Clearing The Bar

by Chris Bodenner
In response to my post on McCain opposing affirmative action, a conservative blogger wrote:

[McCain] has now realized that if anything it is white men, not women and minorities, who are discriminated against.  Nevertheless, he isn't setting up any affirmative action programs for us---he's just restoring a level playing field.  I think we can all agree that all the old injustices and inequalities have disappeared. This is another instance of 'tough love.'
...
If Obama is elected, will he prove that African-Americans are now on an equal par with white Americans and can be assumed to have no disadvantages?  If so, that's a point in his favor. How can all those kids growing up in ghettoes claim to be at any disadvantage any longer if America elects an African-American president? ...  If we could eliminate all this talk about racial inequality, it would be much easier for white men to get jobs.

His take is unfortunate on so many levels.  First, the primary motivation for ending racial preferences should be the advancement of minorities -- by restoring personal agency, raising expectations, cooling racial resentment, avoiding the stigmatization of AA in the minds of many.  If race-based AA were replaced by class-based AA, perhaps the country could lower racial strife and still provide help primarily to African Americans (who are disproportionately poorer because of centuries of institutional racism).

Second, the idea that "all the old injustices and inequalities have disappeared" is absurd.  Structural inequalities formed by hundreds of years of slavery and segregation don't disappear in a generation or two, and there will always be some lingering racism.  But with legal discrimination in the U.S. now abolished, and with a general sentiment of goodwill towards racial opportunity in mainstream America, the question is whether those inequalities are insurmountable without lowering the bar.  While Obama is still vague as to whether the answer is "yes," he is unequivocal about the end of widespread, institutional racism:

[The views of Rev. Wright] expressed a profoundly distorted view of this country -- a view that sees white racism as endemic, and that elevates what is wrong with America above all that we know is right with America. ... As such, Reverend Wright's comments were not only wrong but divisive, divisive at a time when we need unity; racially charged at a time when we need to come together to solve a set of monumental problems -- two wars, a terrorist threat, a falling economy, a chronic health care crisis and potentially devastating climate change; problems that are neither black or white or Latino or Asian, but rather problems that confront us all.

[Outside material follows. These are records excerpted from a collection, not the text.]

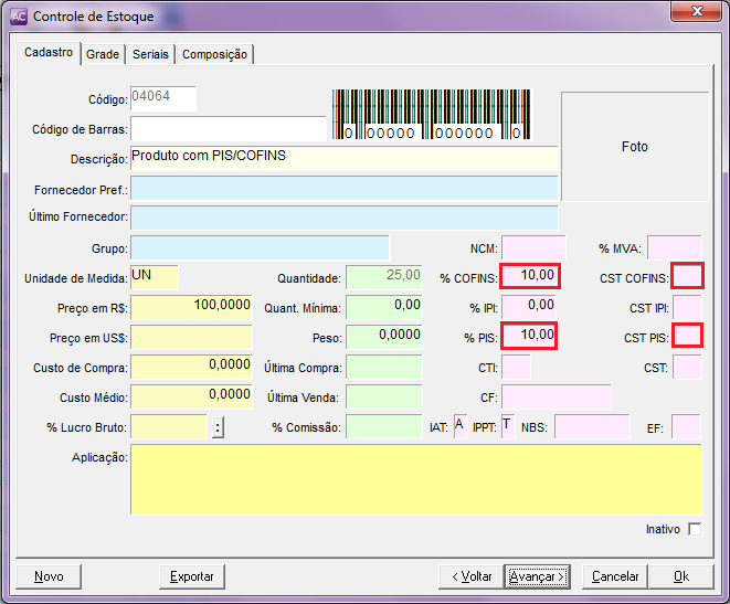 Primeiramente deverá ir ao módulo estoque, localizar o produto que possui PIS/COFINS e preencher os percentuais de PIS e COFINS dos mesmos. É necessário também informar o CST PIS e CST COFINS.
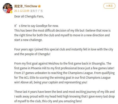 值得一提的是,在周定洋昨日社媒发文告别蓉城时,IP显示球员目前正在广东,综合体育播报报道以及相关传闻,球员加盟新鹏城在即,基本只待官宣。
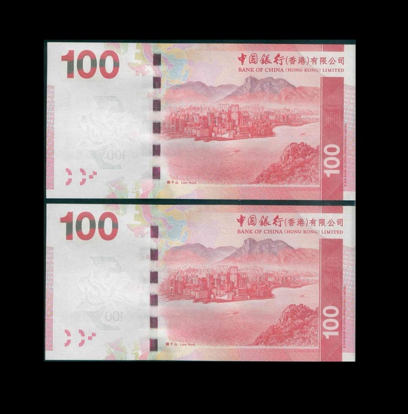 2010 香港中國銀行 $100 UNC 編號:AA722112-13(共2張,連號,頂級雪白)
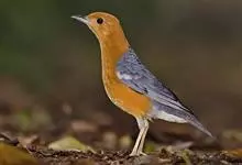 橙头地鸫是鸫科、地鸫属中型鸟类,体长18-22厘米。整个头、颈和下体橙栗色,其余上体包括两翅和尾蓝灰色或橄榄灰色,翅上多具白色翅斑。虹膜褐色或棕褐色,嘴黑褐色或黑色,脚橙黄色或肉黄色。特征极明显。…全部>>
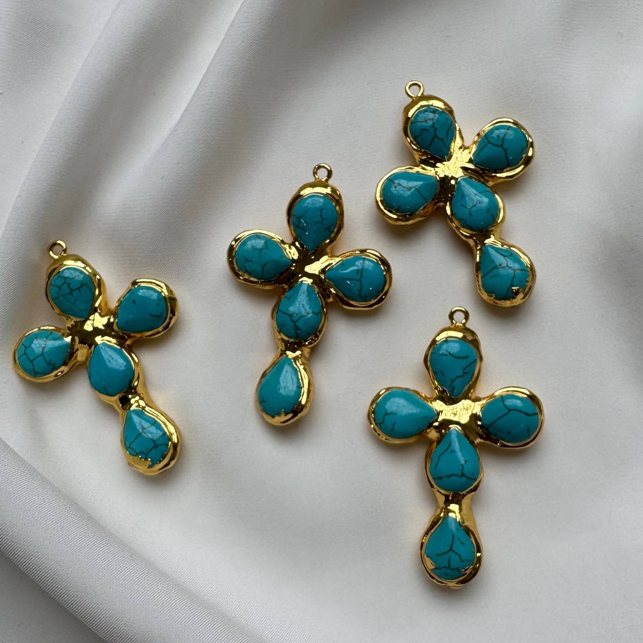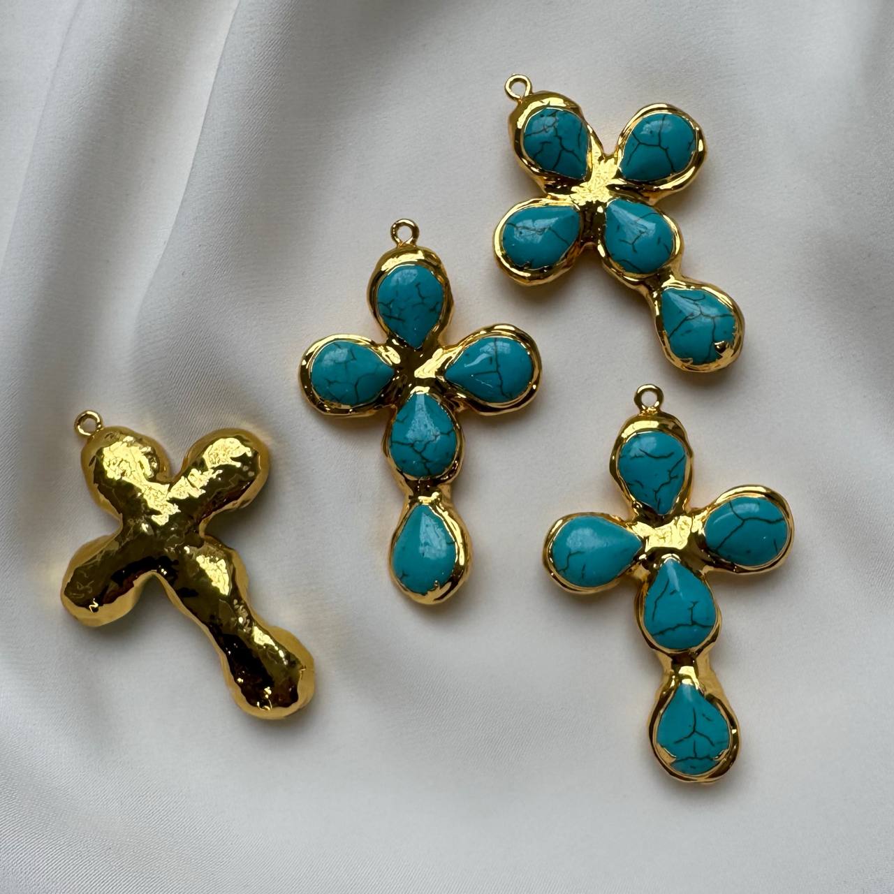Подвеска "Крест" с натуральным говлитом, 53*35 мм

The right-wing blogger asks, "How can all those kids growing up in ghettoes [sic] claim to be at any disadvantage any longer if America elects an African-American president?"  This dim line of reasoning is similar to the one examined in a recent CNN report, "Could an Obama presidency hurt black Americans?" The article (which was brilliantly lampooned by Larry Wilmore of The Daily Show) suggests that white America will see an Obama presidency as an excuse to ignore racial inequality. While some people like the blogger may do so, the innumerable dividends of a black president would far outweigh them.

Lastly, the right-wing blogger is hoping an end to racial preferences will make it "much easier for white men to get jobs." While equal treatment is a high virtue, the main concern with affirmative action shouldn't be the plight of the white man, but whether AA actually hurts the people it was formed to help.   

As a side note, I always find it interesting when right-wing Republicans extol "tough love" without seeing the irony of their own kind of patriotism.  They rail against liberals like Obama for being critical of U.S. foreign policy, addressing it's historical sins, or talking about America in any way except blind, pampered patriotism. Obama's "more perfect union" patriotism is the real tough-love patriotism.

(Peter Beinart wrote a brilliant piece last month about the philosophical divide between liberals and conservatives on patriotism.)